= Glaslyn Osprey Project =

The Glaslyn Osprey Project is located in the Glaslyn Valley at Pont Croesor near Porthmadog in Gwynedd, north-west Wales. The project has supported ospreys since 2004 when they came to the Snowdonia National Park to breed after being absent from Wales for decades. The ospreys spend every winter in West Africa and travel thousands of miles to return to Glaslyn every year to breed and raise their chicks.

The project was initially run by RSPB Cymru. The RSPB Date with Nature site at Pont Croesor aimed to introduce people to the wildlife in the area, inform the public on conservation projects done by the RSPB and ensure 24-hour protection of the eggs in the nest. In 2012 the charity announced that it was looking to withdraw in order to prioritise other challenges facing Welsh wildlife. In September 2013, the project was handed over to a community interest company called Bywyd Gwyllt Glaslyn Wildlife.
The project continues successfully.

==History and background==
Since their disappearance in 1916 from Great Britain, osprey (Pandion haliaetus) have returned to Scotland (in the 1950s), England and Wales. The first pair breeding in Wales were found in 2004 near Porthmadog.

In 2004, due to bad weather and rot in the upper branches of the tree, the nest collapsed. Before the next season in 2005, a platform was constructed with help from local school children. In 2005 the pair returned, took up residence on the specially made platform, and raised the first known Welsh brood. The nest is being monitored via a webcam.

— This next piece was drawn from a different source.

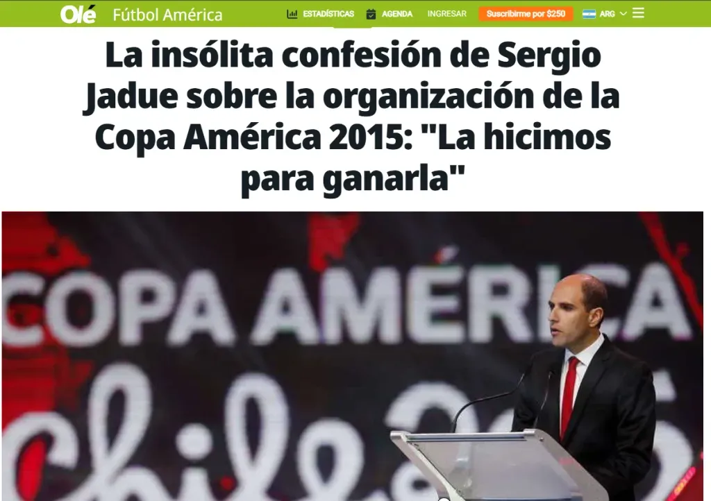 Además, en su publicación hicieron alusión directa al contexto del torneo. “Sergio Jadue, presidente de la Asociación Nacional de Fútbol Profesional de Chile en 2015, aseguró que ‘se armaron la Copa América para ganarla’ (!!!!!!). ‘No escatimamos en detalles’, agregó… Por aquel entonces, la Conmebol era presidida por Juan Ángel Napout”, complementaron.

Each year since 2004 the osprey chicks that hatched have been ringed and recorded. This has enabled them to be identified on their return to the UK where many have been seen in subsequent years and bred successfully themselves. The original osprey Welsh pair returned every year and bred successfully until 2015 when the male bird did not reappear from Africa in the spring. However, a new male arrived and bonded successfully with the resident female and bred successfully that year. They continued to breed until 2021 when the male was injured and the chicks which had hatched did not survive, but the pair both returned in 2022 and successfully raised another brood. In 2023 the female osprey who had been at the site since 2004 did not return from migration, but the resident male attracted a new mate'

== Pont Croesor Station ==
In 2010 the Pont Croesor railway station of the Welsh Highland Railway was built near the site.